Retrieval System

In Retrieval Augmented Generation (RAG) system, we often need to store some documents which probably contains some specific knowledge or information that LLM agents can use as context to reply the user’s question. The examplel documents can be CSV files, PDF files, etc. To make this work end to end, we need to first store the documents in a database or search engine, then the agent can retrieve the information when needed.

In this post, we will talk about

1. write path
2. read path
3. vector search

Write Path

Let’s use PDF as an example here. A PDF file page can contain multiple forms of information, for example, text, table, image, charts, etc. To have better retrieval performance, each form should be parsed and chunked well.

Parsing

What problem does parsing a PDF file solve? You have a file, but to store it in a database so that an LLM agent can use, we need to convert the file into texts or/and images. The most common way to parse a PDF file is to use Optical Character Recognition (OCR) to convert the PDF file into texts. This works well for text-based PDF files. But for visual-rich information types liketables, images, charts, etc, the OCR parsing performance is not good. This is not surprising because a table is a 2D structure, and OCR is a 1D structure. The diagram below illustrates the standard OCR parsing and chunking process from ColPali paper[1]

Improve visual-rich information parsing

As Visian Language Model (VLM) has been getting better and better, we can use VLM to parse the visual-rich information types like tables, images, charts, etc. Just iterate the prompt.

Chunking

Why chunking? I think a few reasons:

1. The context window of LLM is limited. You don’t want to feed the whole document to the LLM because the generation quality might be low.
2. Even if the context length is larger and larger for SoTA models, feeding LLM with too much information might not be a good idea[2].

After parsing, we have a long sequence of characters. We need to divide them into smaller chunks before storing them in the database.
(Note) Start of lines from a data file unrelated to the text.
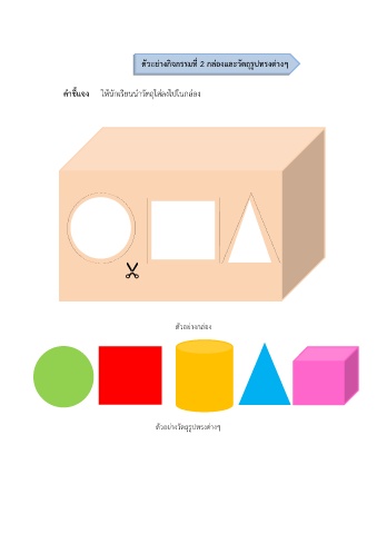 ตัวอย่างกิจกรรมที่ 2 กล่องและวัตถุรูปทรงต่างๆ ค ำชี้แจง ให้นักเรียนน ำวัตถุใส่ลงไปในกล่อง ตัวอย่างกล่อง ตัวอย่างวัตถุรูปทรงต่างๆ
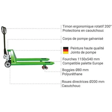 – Grâce à sa conception robuste et ses composants de qualités, ce transpalette est l’outil indispensable pour toutes les tâches de manutention
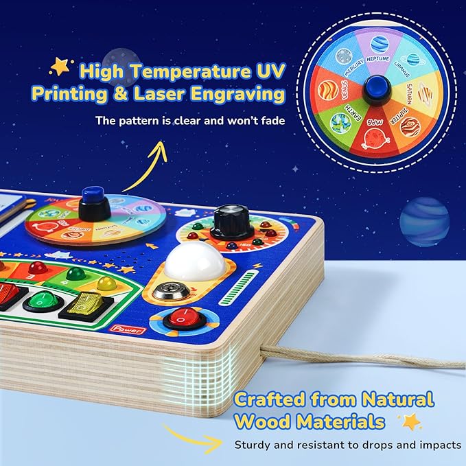 • Interactive Wooden Switch Board: Designed for toddlers who love switches and LED lights, this toddler busy board features different switches, each linked to a unique LED. The brightness is perfectly adjusted to be comfortable for young eyes, not too bright or dim
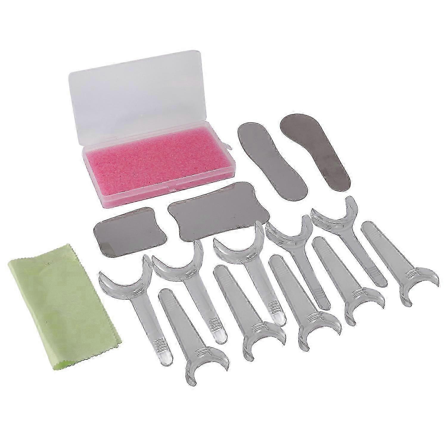 14Pcs Dental Intraoral Mirror Set Reflector with 10Pcs Mouth Opener Cheek Lip Retractor Dental Clinic Oral Care Tool
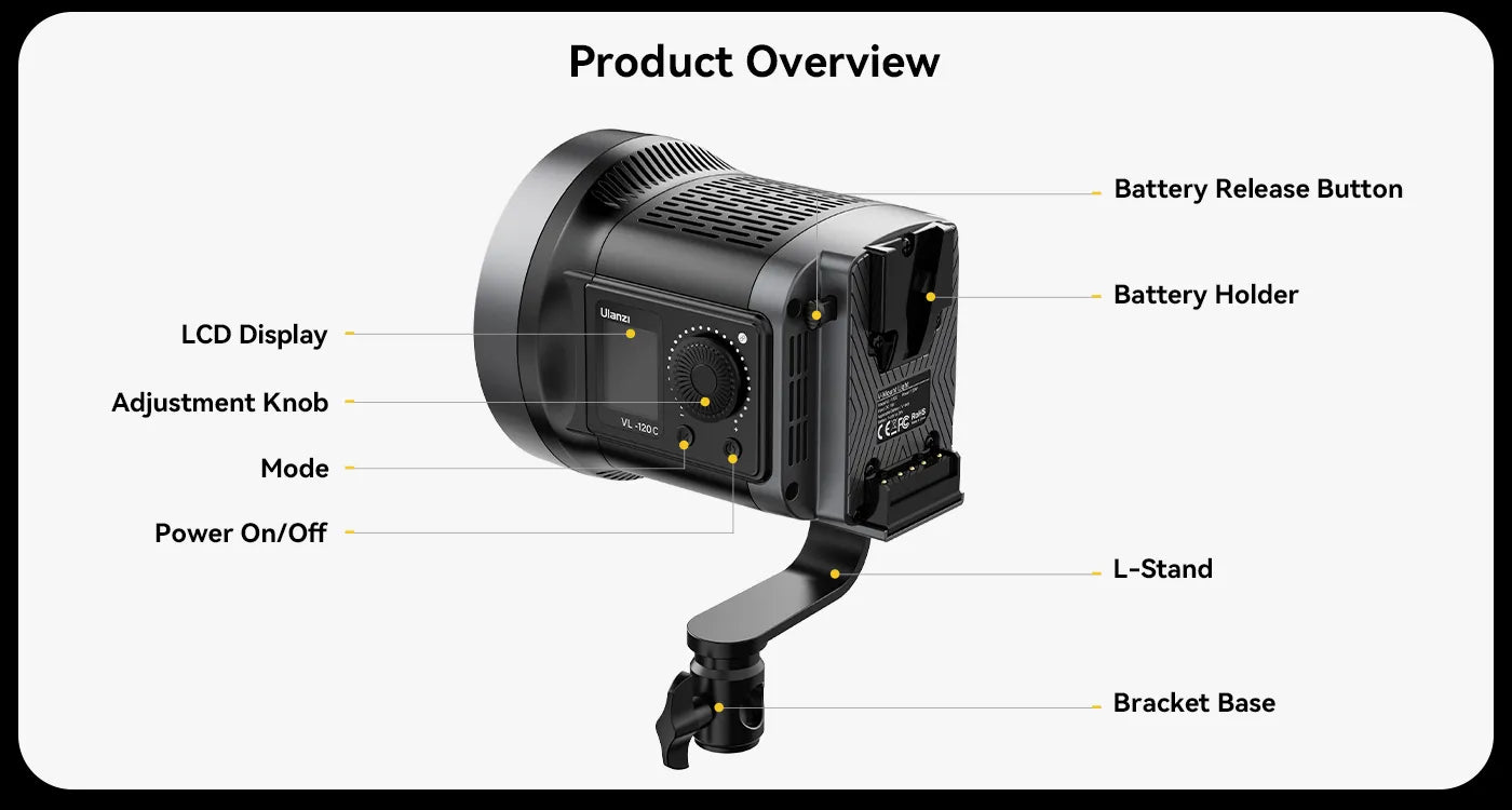 Vylepšite osvetlenie svojich videí s dvojfarebným / RGB videolampou Ulanzi 120 W s V-mountom. Táto univerzálna lampa je ideálna na svadobné videá, skeče, livestreaming v e-commerce a produktovú fotografiu. Zabezpečuje rovnomerné, mäkké osvetlenie vďaka vysokoúčinným COB žiarovkám. Ovládajte osvetlenie až na vzdialenosť 30 m pomocou aplikácie Ulanzi Connect a prispôsobte si nastavenia ako CCT, stmievanie, FX a skupiny svetiel. Vychutnajte si 20 prednastavených svetelných efektov s verziou RGB alebo 6 s verziou Bi-color. Medzi užívateľsky prívetivé funkcie patrí LCD displej, plynulý ovládač, otočný L-stojan o 360° a kompatibilita s držiakom Bowens.

Some ways to do this are:

1. Sliding window chunking: just pre-define a window size and slide it through the text.
   • Pros: simple and fast
   • Cons: the boundary of the chunks might be awkward
2. Semantic chunking: use LLM to divide the text into semantic chunks.
   • Pros: the chunks are more natural
   • Cons: the cost is higher

Skip parsing and chunking

This is the idea from ColPali paper[1]. Instead of parsing and chunking the PDF file, we can use text-aligned embedding model(CLIP[3]) to directly embed each PDF page. From their experiments, the performance is better than the standard OCR parsing and chunking, especially for visual-rich information types.

Pros:

• No need to think about the chunking strategy
• The visiual information can be well preserved if you have a good text-aligned embedding model

Cons:

• The pure text embedding model cannot be used
• For the visual information that spans multiple pages, the retrieval performance is not good

Embedding

The chunks will be used by LLM agent to generate response to the user’s question. So ideally the agent should find the most relevant chunks to the user’s question. This finding process is a search process. To better search, we need to have a good representation of the chunks. And usually the representation is a embedding vector. We will talk more about vector search in this post. There are many models that can be used for this purpose. Some of them are pure-text models like DRAMA[4] and some of them are text-aligned embedding models like CLIP[3].

Note that the performance of the retrieval is highly dependent on the quality of the embedding model. It is a good idea to do some ablation study on different models.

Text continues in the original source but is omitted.